Once we got home, I sent her up to her room to do homework and change outfits for her ice-skating. I told her that the time was 4:30 PM. To get to the ice rink in time which requires about 30 minutes driving, we needed to leave home by 5:45 PM the latest. And she was to come down at 5:30 to have dinner that I was about to fix. At about 5:15 I gave her a reminder call to come downstairs in a few minutes. She replied that she still had quite a bit of homework to finish up. I told her that she might have to leave it unfinished and do it after she returned from ice-skating by staying up a bit late that night. At 5:30 I gave her another shout, a bit in a stern tone. She said she was wrapping up the last problem and will come down soon. Five minutes later she rushed down with her ice-skating gear in hand. She quickly ate the dinner while I helped her pack the skating bag. I reminded her that we were running a bit late. She also wanted some fruits so I had to slice some apples. And finally, when I thought we were all ready to leave, she asked if she could use the restroom. Of course, I couldn’t say no. The nature’s call takes precedence over everything else. By the time the car rolled out of our drive way it was 6:00 PM and we were 15 minutes late already. She realized that too.

I was upset about her lack of time management. I berated her with a few words. I usually try and succeed in not showing my temper in my conversation with her. But that day I gave into my ugly side, the sarcastic one. I asked her,

“Thamee, what grade are you in?”

She replied, “Daddy, what happened? Of course, I am in fourth grade!”

I continued:

“Oh, I was just wondering if you got demoted at school since you seemed not to be able to read a clock. I thought any fourth grader could read a clock”

She replied nothing and I carried on.

“What time does your ice-skating begin?”

She replied, “6:15”

“How long did I tell you the drive takes to get there?

“30 minutes”

“Then as a fourth grader can you tell me what time should we leave home to get there in time?”

“5:45 PM”

“Thank you Thameelay, I just wasn’t sure if you still remember the third-grade math”

She sat quietly. And after a while she asked if I could turn on the radio for her to listen Disney channel songs.

I said, “Sure of course Thamee-Lay”. With that I turned on the radio.

After one song, I spoke again.

“Do you think listening to the radio will make a car fly and gets to the destination sooner?”

“No daddy, of course not, why”

“Well, I was just wondering.

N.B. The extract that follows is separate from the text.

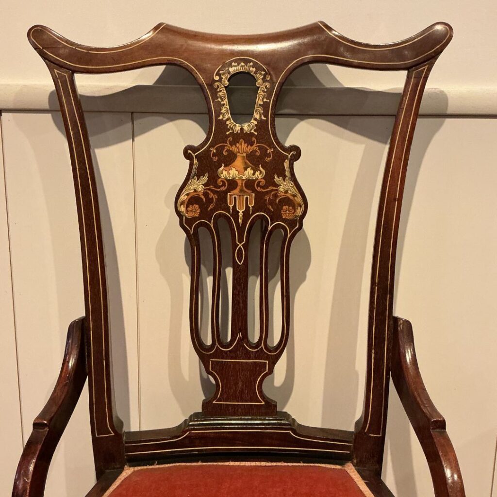 透かし彫りの背もたれに彩られたインレイが美しく気品のあるチェアです。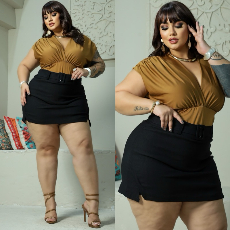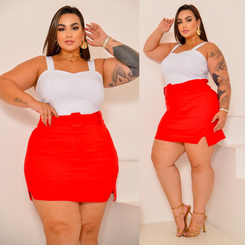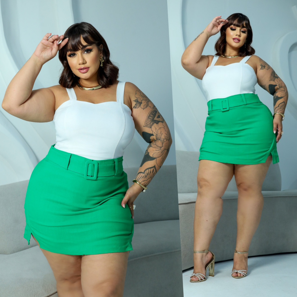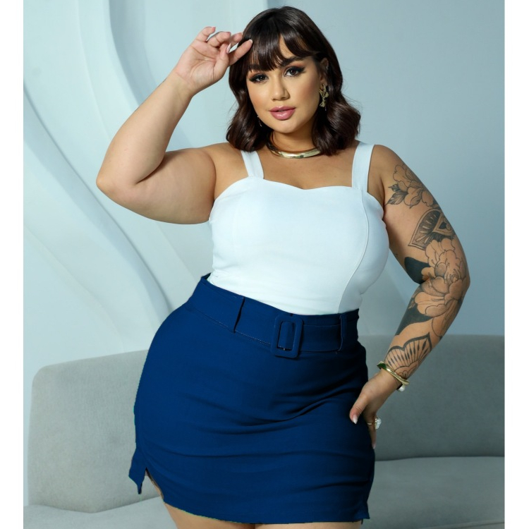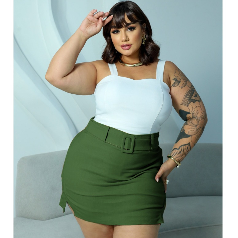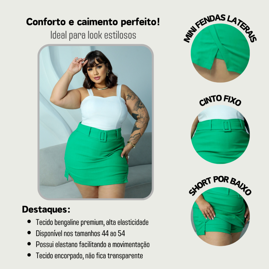 SAIA PLUS SIZE ALFAIATARIA BENGALINE LOOK BALADA FESTA DETALHE CINTO ELEGANTE FENDA LATERAL

Since you knew that Daddy was a little upset about this delay and you still cared to request to turn on the music, I thought you might be thinking music makes the car goes faster”.

For the next fifteen minutes of the drive, we both sat extremely quiet. I peeped at her from the rearview mirror. She looked remorseful. I started to feel bad. Finally, we got to the skating rink. Normally when she gets a little late to her activities or the school, she jumps out of the car and dashes to the building.  But today after she stepped out of the car, despite being late, she turned around and said,

“Bye daddy, I love you”. And then instead of moving forward, she hesitated a bit to wait for my response.

I was stunned. I wasn’t expecting this. I berated her and treated her sarcastically. I thought she would have slammed the car door as she stormed out. But now she is forgiving me. She is extending the olive branch. I felt suddenly small in front of her. Here a nine-year-old was showing more maturity than her forty something year-old father. I was thinking what I would have done had I been in her shoes, such as slamming the door angrily, yet she had been more gracious than me. And I had forgotten that she was only nine years old. What the heck I was thinking about time management when even some college kids can’t follow it? My frustration at work had spilled over to a child’s innocent life. How ugly? I stepped out of the car, gave her a tight hug and said,

“Bye Thamee-Lay, I love you too”.

Suddenly a smile appeared on her face. She realized her dad had forgiven her. She turned around and dashed happily towards the entrance. Tears welled up in my eyes. And that’s why the world needs children, to make us better persons!